DA: "Öyle düşünebilirsiniz. Ancak dikkat çekici olan şey şu ki, Avustralya ve Kaliforniya yangınları söz konusu olduğunda ... oradaki insanlar krizin pek farkına varmamış gibi görünüyor. Etkilenmekle krizi anlamak ve harekete geçmek arasında çok zayıf bir bağlantı var gibi görünüyor. "

GT: “Evet, gerçekten. Avustralya'daki insanlar yangınlardan sonra davranışlarını değiştirmek için hiçbir şey yapmadı. Kaliforniya'daki insanlar davranışlarını değiştirmedi. Yani, tabii ki, orada doğal veya bariz bir bağlantı yok. Gerekli olan başka bir şey. Krizle başa çıkma ve görme şeklimizin bu olduğunu düşünüyorum.

Greta, eşitlik veya iklim adaleti yönünden bahsettin. Kriz hakkında konuşurken, görüyoruz ki; bu senin için önemli bir kavram. Bana bunun ne olduğu ve ne demek istediğin hakkında biraz daha bilgi verebilir misin? "

GT: “Evet. İklim adaleti, herkes için eşit derecede iyi olan yaşam koşullarını sağlamakla ilgili. Gezegenin sunduğu şeylere eşit erişim diyebilirsiniz. Ve iklim adaletine odaklanmadan bu krizi çözemeyeceğiz. İklim adaleti, Paris Anlaşması'nın tam merkezinde yer almaktadır. Ülkelerin farklı kaynaklarını ve tarihlerini ve ayrıca farklı nesillerin koşullarını hesaba katmazsak, o zaman bunu çözemeyeceğiz.”

DA: "Buradaki bariz örnek, gelişmiş dünyanın gelişmemiş dünyadan ekonomik anlamda aldığı her şeydir. Bu konuyla ilgili bir soruşturma şu anda Birleşik Krallık'ta devam ediyor ve önde gelen ekonomi profesörü Partha Dasgupta tarafından yönetiliyor. Farklı çevresel değerleri 'fiyatlandırmanın' bir yolunu bulmaya çalışıyorlar. Sonuçlarını görmek için can atıyorum. "

Bazıları, korona salgınının, içinde bulunduğumuz tehlikenin farkına varmamız ve yaşam tarzımızı değiştirmemiz için eşsiz bir fırsat olduğunu söylüyor. Buna katılıyor musun?"

GT: “Bir salgının bir fırsat olarak görülmemesi gerektiğini söylemeye gerek yok. Bu bir trajedi, başka bir şey değil. Ama kaçınılmaz olarak bundan bir şekilde kurtulmamız gerekecek ve hangi kapıyı açacağımızı - nasıl ilerlemek istediğimizi - seçmemiz gerekecek. Ben buna fırsat demezdim ama bu bizim yapmamız gereken bir seçim.”

DA: “Tamamen katılıyorum. Şimdi bir aşı yakında geliyor gibi görünüyor ve bu gerçekleştiğinde soru, Tamam o zaman.
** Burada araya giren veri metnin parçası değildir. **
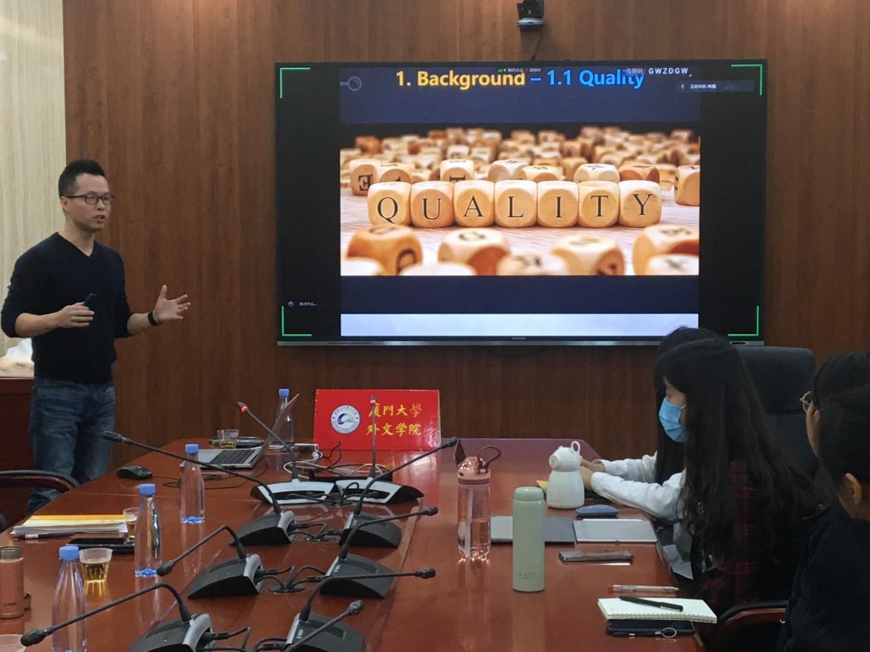 本场讲座的主讲人为厦门大学外文学院韩潮教授,讲座的主题为“口译质量评估:人工与机器测评”。厦门大学社科处副处长张随刚主持讲座。
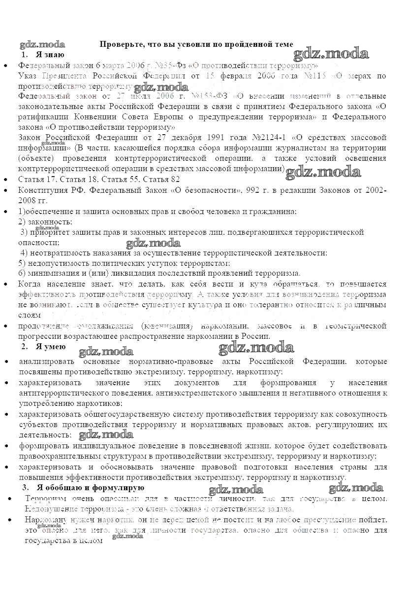 ОТВЕТ на задание № Проверьте свои знания Рабочая тетрадь по ОБЖ 9 класс Смирнов
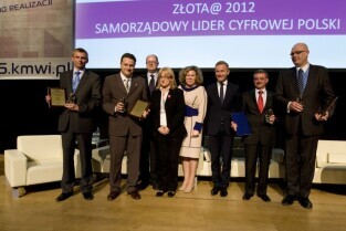 Gdańsk, Filharmonia Bałtycka. Konferencja "Miasta w Internecie" poświęcona roli internetu w działalności samorządów. Podczas konferencji wręczono nagrody "Złota@ 2012 - Samorządowy Lider Cyfrowej Polski", które w otrzymali: Urząd Miejski w Wolsztynie (kategoria gmin miejsko-wiejskich), Urząd Miasta Legionowo (kategoria gmin miejskich), Urząd Miasta Tychy (kategoria gmin miejskich dużych)
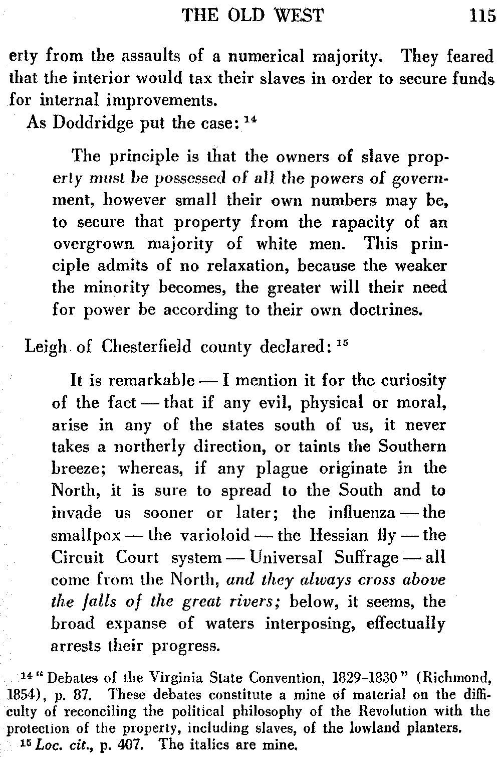 The spread of cotton culture into the interior of the South finally broke down the contrast between the "tide-water" region and the rest of the State, and based Southern interests on slavery. Before this process revealed its results the western portion of the South, which was akin to Pennsylvania in stock, society, and industry, showed tendencies to fall away from the faith of the fathers into internal improvement legislation and nationalism. In the Virginia convention of 1829-30, called to revise the constitution, Mr. Leigh, of Chesterfield, one of the tide-water counties, declared:
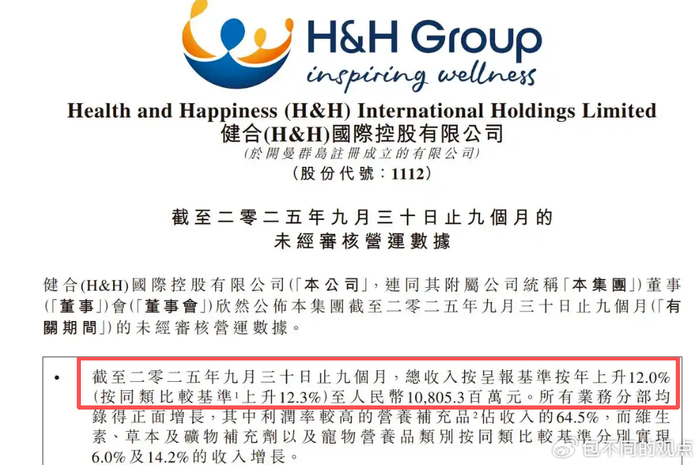 健合集团的三季报,正是这种行业趋势的生动印证。从核心数据来看,健合集团前三季度实现营收108.05亿元,同比增长12.3%,在行业整体调整期,这样的增速堪称逆势突围。

Daha önce yaptığımız şeye geri dönelim mi? Umarım değildir, abartılı yaşadığımızı düşünüyorum. Ama böyle bir değişiklik için kanun yapmak çok zor, bu insanların iradesi ile ilgili. Belki şimdi tercih ettiğimiz bir yaşam biçimini bulduk? Göreceğiz bakalım.”

“İklimin ve sürdürülebilirlik krizinin ciddiyetinin farkında olmamayı hiç dilediniz mi? Pek çok insan gibi acil durumun farkında olmadan bir hayat yaşadığınızı?"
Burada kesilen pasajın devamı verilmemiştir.